She says she’s getting along better with Dope, as we call her, saying that at times she gets on Mary’s nerves for ignoring her, as she puts it. She’s standing firm against spending any more money on her. She didn’t show her what I wrote about her, so she doesn’t have to deal with her reaction. Yes, I know good and well that’s not something Dope could handle well. It’s ok, I told her, I was just venting on her behalf. Maybe she’ll want to give it to her in the future, like right before she leaves if she leaves first.
I’ll bet she must really wish we were cellies again now! No thanks, though. I’d rather be Tom’s celly here.
She said she was crushed to read that she abused her kids in the article I sent her from the net. I told her that I know she didn’t abuse her kids and so does she, and not to let the ways of the media get to her. It’s their job to make up lies and make people look bad. It should be illegal to slander people the way they do, but unfortunately, if you’re part of the media, you can say anything you want about anybody. They could’ve said I killed a dozen people and there wouldn’t have been anything I could’ve done about it. As Misery said, “The media’s never your friend.”
Nonetheless, I’m sorry the bullshit article upset her. I considered not sending it but then decided that since she did ask for whatever I could find, I’d send it, cuz she and I both know the truth. As an abused child myself, it’s all the easier for me to sense an abuser. They should’ve printed that she “pled guilty to neglect,” and not that she “pled guilty to abuse,” but see? That’s the media; always twisting things around.
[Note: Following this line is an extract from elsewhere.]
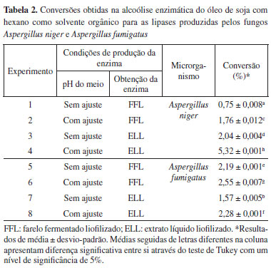 A análise de variância dos resultados para o fungo Aspergillus fumigatus também demonstrou que a interação dos três fatores estudados (ajuste de pH, forma de extração e ácido graxo) foi significativa (p<0,0001), devendo ser analisada. Verifica-se na Figura 1 que utilizando o ácido butírico como substrato na reação de esterificação, somente foi observada atividade (410,75 U/g) na condição de cultivo sem o ajuste do pH do meio de cultivo e utilizando-se o farelo fermentado liofilizado diretamente na reação, sem a etapa prévia de extração da enzima, sendo esse resultado semelhante (p>0,05) aos obtidos com a utilização do ácido oléico como substrato, independente das condições de cultivo utilizadas (atividades em torno de 380 U/g). As enzimas produzidas pelos dois fungos apresentaram comportamento semelhante em relação à especificidade pelos ácidos graxos, ou seja, a especificidade em ordem decrescente foi para o ácido oléico (C18:1) > ácido butírico (C4:0) > ácido láurico (C12:0). Considera-se que ao justificarem-se estes resultados deva-se levar em consideração o tamanho da cadeia carbônica do ácido graxo e a presença da insaturação. Neste sentido verifica-se a maior afinidade das enzimas pelo ácido graxo de cadeia longa. No entanto, este efeito pode estar sendo influenciado pela presença da insaturação do ácido oléico. No estudo da influência da dupla ligação (comparando os rendimentos do C18:0 e C18:1), Bezbradica et al.,34 utilizando a lipase produzida pela Candida rugosa em meio reacional com 2,2,4 trimetilpentano, em condições equimolares dos substratos (álcool utilizado: 3-metil-butanol), verificaram que a síntese do éster de ácido graxo foi duas vezes mais rápida, demonstrando uma afinidade maior dessa lipase por ácidos graxos insaturados, cuja solubilidade é maior em comparação com ácidos graxos saturados. No entanto, deve-se considerar que a solubilidade dos ácidos graxos é também dependente do número de carbonos das moléculas, sendo que quanto menor o comprimento da cadeia, maior a sua solubilidade em água. Em estudo realizado por Sun et al.35 a não linearidade da especificidade em relação ao tamanho da cadeia carbônica foi demonstrada em resultados obtidos somente com ácidos graxos saturados. A lipase utilizada foi produzida por Rhizopus chinensis em fermentação em estado sólido e o sistema reacional consistiu na utilização de n-heptano, ácidos e álcoois em concentrações de 0,6 mol/L. Os ácidos graxos utilizados foram de C4:0 a C16:0 e os álcoois primários do metanol ao 1-octanol. Os resultados obtidos para os ésteres etílicos formados indicaram maior afinidade da enzima pelos ácidos graxos na seguinte ordem, considerando-se as conversões no tempo final de reação: Caprilato (C8:0) > Laurato (C12:0) > Miristato (C14:0) > Palmitato (C16:0) > Caprato (C10:0) > Caproato (C6:0). Verifica-se, no entanto, que nesse estudo o ácido láurico foi o que apresentou a segunda maior atividade, utilizando como aceptor de elétrons o mesmo álcool deste trabalho (etanol). Resultado semelhante ao anterior em relação à especificidade pelos ácidos graxos foi obtido por Vaidya et al.,36 os quais relataram estudo de especificidade utilizando enzimas comerciais imobilizadas. A enzima de Candida antarctica imobilizada em resina de acrilato apresentou melhores resultados de atividade específica quando o ácido graxo utilizado foi o ácido láurico, o que foi explicado pela resistência da difusão de substratos de cadeia longa na estrutura mais rígida das enzimas imobilizadas. Bezbradica et al.34 mencionam que vários fatores podem influenciar na afinidade por ácidos graxos de cadeia curta e longa, como os relacionados à termodinâmica da reação, visto que a formação do éster, obtida após a clivagem do complexo acil-enzima pelo etanol, pode apresentar uma conversão baixa, ou ainda pela premissa de que as lipases possuem regiões hidrofílicas (para ácidos graxos de cadeia curta, com até 6 átomos de carbono) e hidrofóbicas (para ácidos graxos de cadeia longa, com mais de 6 átomos de carbono) ao redor do sítio catalítico. Segundo Zaidi et al.,37 Naik et al.38 e Pleiss et al.39 cada lipase pode ter um comportamento diferenciado. A especificidade enzimática está relacionada com o caráter eletrofílico do carbono na molécula doadora de acila, da acidez, do efeito estérico, da proporção dos substratos e da hidrofobicidade do grupo carboxílico. Assim, a fonte de lipases, o método de imobilização, a natureza do solvente e as propriedades dos substratos podem explicar, segundo os autores, as tendências conflitantes encontradas na literatura para os estudos de especificidade. Silva et al.,27 em estudo da especificidade em termos de atividade de esterificação das enzimas produzidas por Penicillium brevicompactum em fermentação em estado sólido, relataram que o ácido oléico (em combinação com o etanol) apresentou melhores resultados do que com o uso de outros álcoois (metanol, propanol e butanol), enquanto que o ácido butírico apresentou maiores atividades com etanol e butanol. O ácido láurico, por sua vez, apresentou melhores resultados quando do uso do butanol como álcool na reação de esterificação.29 Verifica-se desta forma que as baixas atividades de esterificação obtidas neste trabalho, quando utilizado o ácido láurico, podem estar relacionadas ao uso do etanol. Além disso, outro fator que pode justificar as maiores atividades de esterificação obtidas com o ácido oléico é a possível preferência da enzima por ácidos graxos semelhantes aos presentes nos substratos de produção, como é o caso deste trabalho, no qual o óleo de soja foi utilizado como indutor para a síntese de enzimas. Resultados semelhantes foram obtidos por Silva et al.27 e Rigo et al.40 Alcoólise de óleo vegetal A Tabela 2 apresenta as conversões obtidas na alcoólise enzimátic

As for this parole thing, I’m not sure what she’s talking about. She said something about being bummed out about them taking away 85% of the parole. I don’t understand that part of the law too well, nor can I even begin to guess how many years she’ll do, as I told her. I asked Tom if like me, and like most cases, if her plea bargaining was a mistake. He agrees with her, though, and says that if it’ll help put Monster in his place, then no it wasn’t. I told her that although I can’t say how many years she’ll get, be prepared and don’t be surprised if she gets many years of probation at some point. I reminded her that the system’s not about “justice” 99% of the time. It’s about power, control and money. The more people they can get and keep on probation, and for as long as possible, the more money they make. I asked Tom if he thought they’d have her on probation for life, and he says he doubts it cuz that’s usually for those convicted of sex crimes. It also depends on the state you’re in, too. I’m sure I don’t have to remind her of how different Arizona is compared to Massachusetts, though I did fill her in on Paula’s latest case.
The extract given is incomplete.